** AVAILABLE DATA follows **

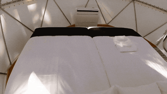 每个球形帐篷里没有多余的小饰品或豪华家具,相反,一贯从简,一张舒适的床,空调,和简易的木质家具就是这个帐篷里的所有。
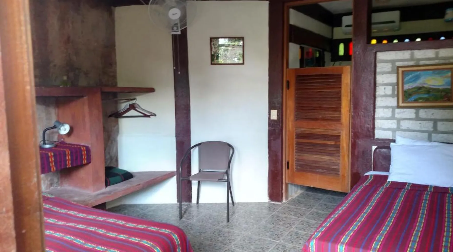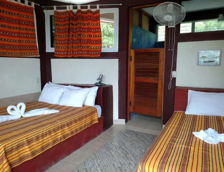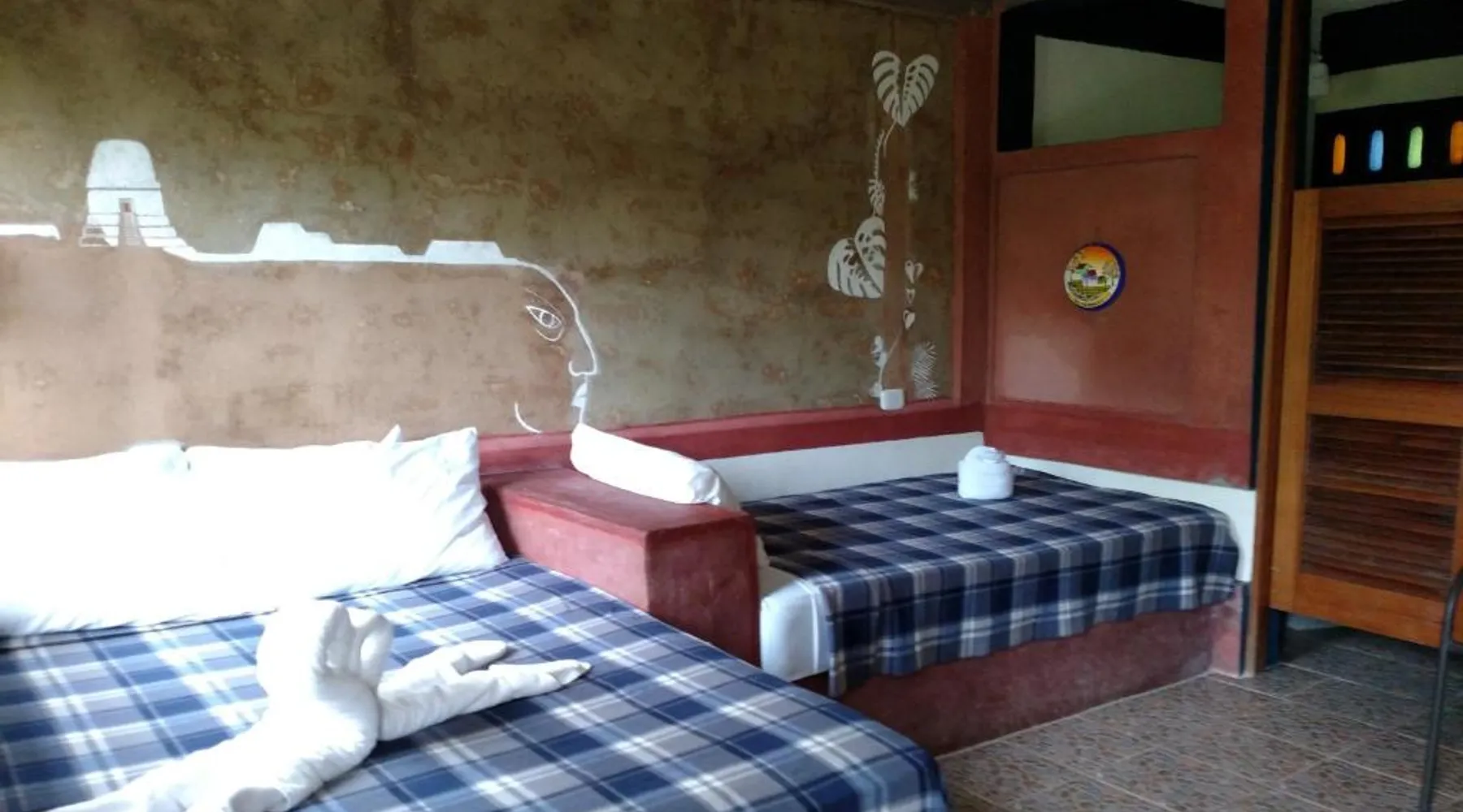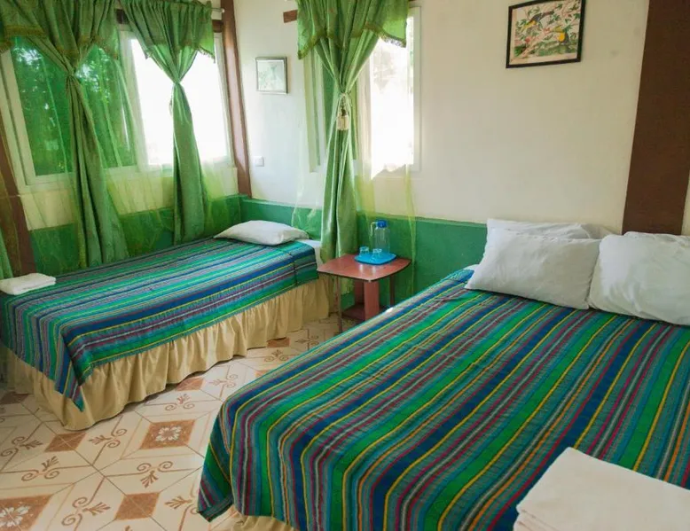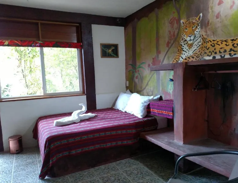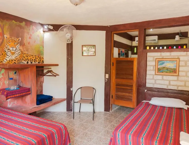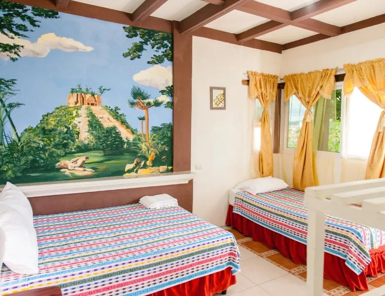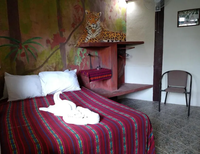 Zapote Tree Inn is located less than 16 minutes from Flores' airport and 4 minutes away from Flores island by boat, located at a privileged point to appreciate sunsets and sunrises overlooking the island and the lake. All our rooms have mosquito screens on the windows and doors. We are at the edge of the jungle with birds, iguanas, squirrels, hummingbirds, etc., and our trees provide fresh breezes and fruits. We are within 8 minutes walking distance of the archaeological excavations of Tayasal and 15 minutes walking on shady trails to the beach El Chechenal. Welcome to our home! This triple room offers a pool with a view. The triple room provides air conditioning, a private entrance, a terrace with lake views as well as a private bathroom featuring a walk-in shower. The unit offers 2 beds.
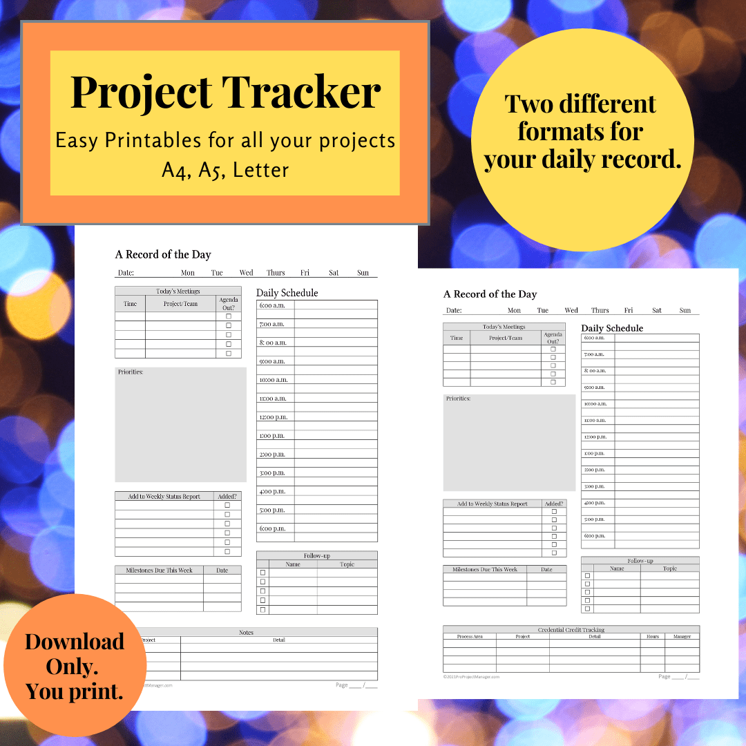 Print and insert into your binder and begin tracking your projects now. Project management documentation saves time and trouble as your project runs. Use these notes to be prepared for questions by your stakeholders.

** End of AVAILABLE DATA **

EXERCISE INSTRUCTIONS: Write out the whole listing exactly. Do not include the pictures.

EXERCISE SOLUTION:
 每个球形帐篷里没有多余的小饰品或豪华家具,相反,一贯从简,一张舒适的床,空调,和简易的木质家具就是这个帐篷里的所有。
 Zapote Tree Inn is located less than 16 minutes from Flores' airport and 4 minutes away from Flores island by boat, located at a privileged point to appreciate sunsets and sunrises overlooking the island and the lake. All our rooms have mosquito screens on the windows and doors. We are at the edge of the jungle with birds, iguanas, squirrels, hummingbirds, etc., and our trees provide fresh breezes and fruits. We are within 8 minutes walking distance of the archaeological excavations of Tayasal and 15 minutes walking on shady trails to the beach El Chechenal. Welcome to our home! This triple room offers a pool with a view. The triple room provides air conditioning, a private entrance, a terrace with lake views as well as a private bathroom featuring a walk-in shower. The unit offers 2 beds.
 Print and insert into your binder and begin tracking your projects now. Project management documentation saves time and trouble as your project runs. Use these notes to be prepared for questions by your stakeholders.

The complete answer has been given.